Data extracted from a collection
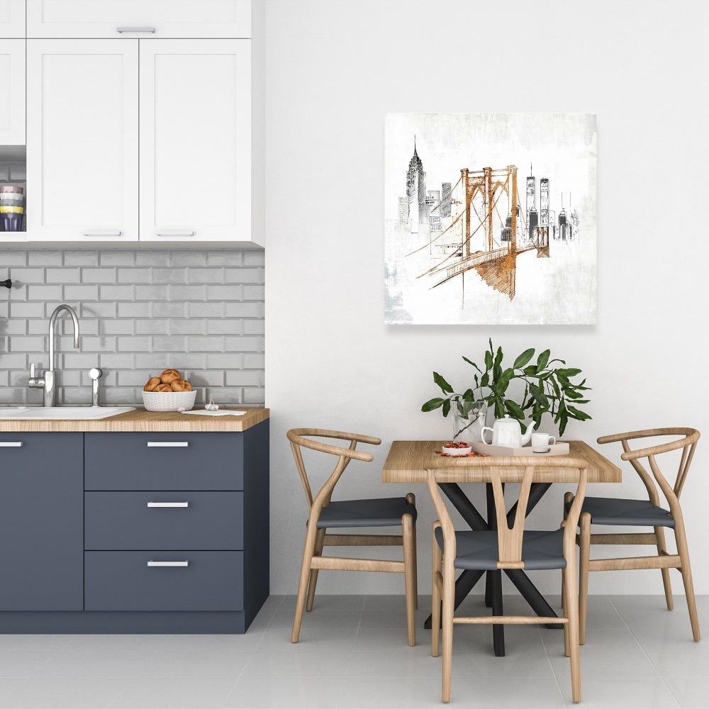 Toile de chambre à coucher avec croquis flous du pont de Brooklyn | Décoration d'intérieur
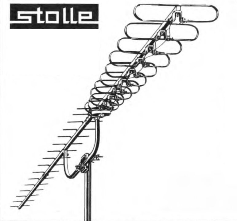 Wat OFDM schreef klopt. De antenne lijkt vol dipolen te zitten maar er is maar 1 dipool, de rest lijkt op dipolen maar is gewoon gebogen aluminium om het medium hoger te maken zodat de antenne breedbandiger wordt. Maar zo gemakkelijk kom je er niet vanaf. In 1966 bracht Stolle een antenne op de markt die wel heel veel dipolen heeft, zie de bijlage. Alle dipolen zijn met elkaar verbonden met draden wat ook goed te zien is op de afbeelding. Hoe zit dat dan met deze antenne? -
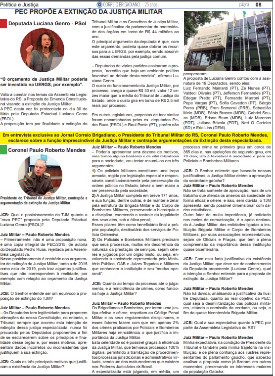 Correio Brigadiano - PEC propõe a extinção da JME - ponto e contraponto
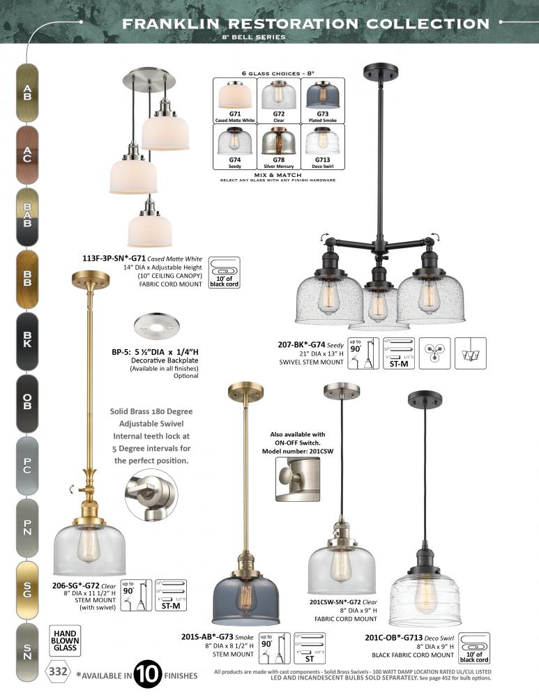 The Franklin Restoration collection is comprised of heavy cast components that give the fixture a heavy Industrial look and feel. We offer the fixture in 10 finishes with a Bare Bulb look or with over 100 possible metal and glass shade options that can cha
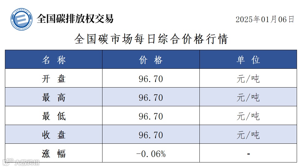【全国碳市场行情】全国碳市场每日综合价格行情及成交信息20250106

Task directions »
From the line that includes "The Franklin Restoration" on down to the last line of the entries above, set down each line exactly, leaving out the pictures.

Response area »
 The Franklin Restoration collection is comprised of heavy cast components that give the fixture a heavy Industrial look and feel. We offer the fixture in 10 finishes with a Bare Bulb look or with over 100 possible metal and glass shade options that can cha
【全国碳市场行情】全国碳市场每日综合价格行情及成交信息20250106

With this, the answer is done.